Ever since the Hess Toy Trucks were released, Hess has privately and publicly released additional models in limited production as gifts or to commemorate anniversaries and major changes within the company.
- 1969 Amerada Hess Tanker Truck – Not a public release. It was released to commemorate the merger between Hess and The Amerada Petroleum Corporation. It has the name "Amerada Hess" on the tanker rather than the "Hess" name. This was given out to employees and executives.
- 1993 Hess Premium Diesel Tanker – Not a public release. It was released to commemorate the introduction of 93 Hess Premium Diesel with Super Detergent. It was a re-release of the 1990 tanker that included the decal "New Premium Diesel With Super Detergency" on the tanker body. It was only distributed to bulk buyers as a thank you gift.
- 1995 Truck with Helicopter Chromed – Not a public release. It is the same as the 1995 holiday release but in chrome instead of white. It was released as a gift given to employees that worked on a special project for Leon Hess.

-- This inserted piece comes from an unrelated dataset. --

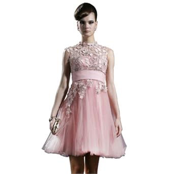 GEORGE BRIDE High Neck Fit Lace Bodice Short Tulle Cocktail Dress With Satin Band
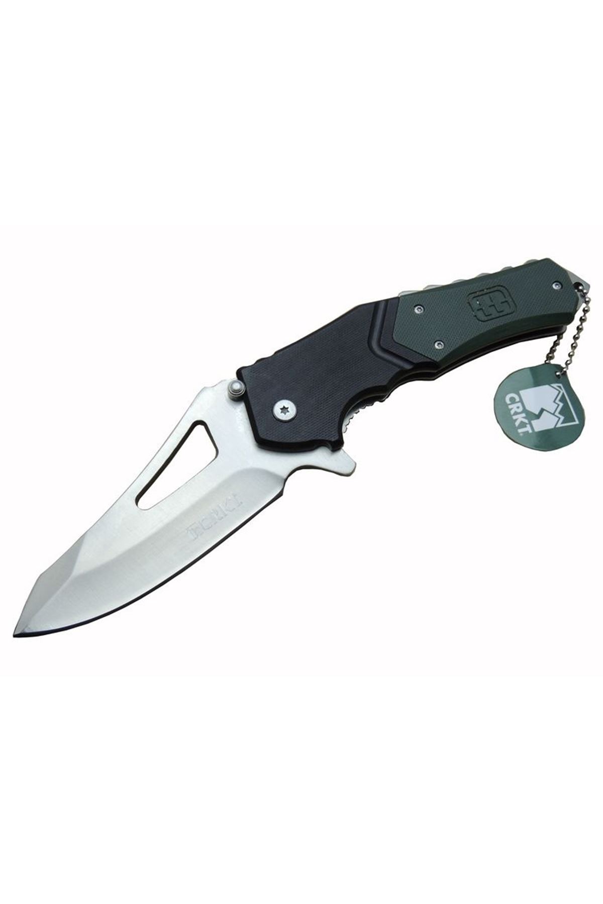 CRKT CR 0062 Gri Oluklu Kamp Çakı 17,5 cm - Otomatik, Kılıflı, Kutulu

- 2006 Hess Truck with Racers – Only released to those on the New York Stock Exchange trading floor. It commemorates the name change and stock ticker symbol change from Amerada Hess Corporation to the Hess Corporation. It was a re-release of the 1997 Hess Truck. The trailer box bears the name "Hess Corporation". The two cars included have the stock ticker letters on them instead of the traditional Hess name. One car is green and bears the letters "AHC". The other car is white and bears the letters "HES". Was only given out to those on the stock trading floor on May 9, 2006.
- 2014 Tanker Truck & Miniature 1964 Hess Truck Tanker Replica – Sold to the public. It was released to commemorate 50 years of the Hess Toy Trucks. It featured more lights than any other Hess Truck. It was also the first model to be sold on the Hess Toy Truck website. It is a uniquely designed tanker truck that contains a miniature scale model of the original 1964 Hess Tanker that is stored within the truck's tank.
- 2015 Chrome Hess Fire Truck And Ladder Rescue – There were 100 chrome trucks slid into regular boxes. Anyone who bought a truck and found one of these has a very special truck, including a certificate of authenticity. You could also get one from your name being drawn in a sweepstakes by Hess.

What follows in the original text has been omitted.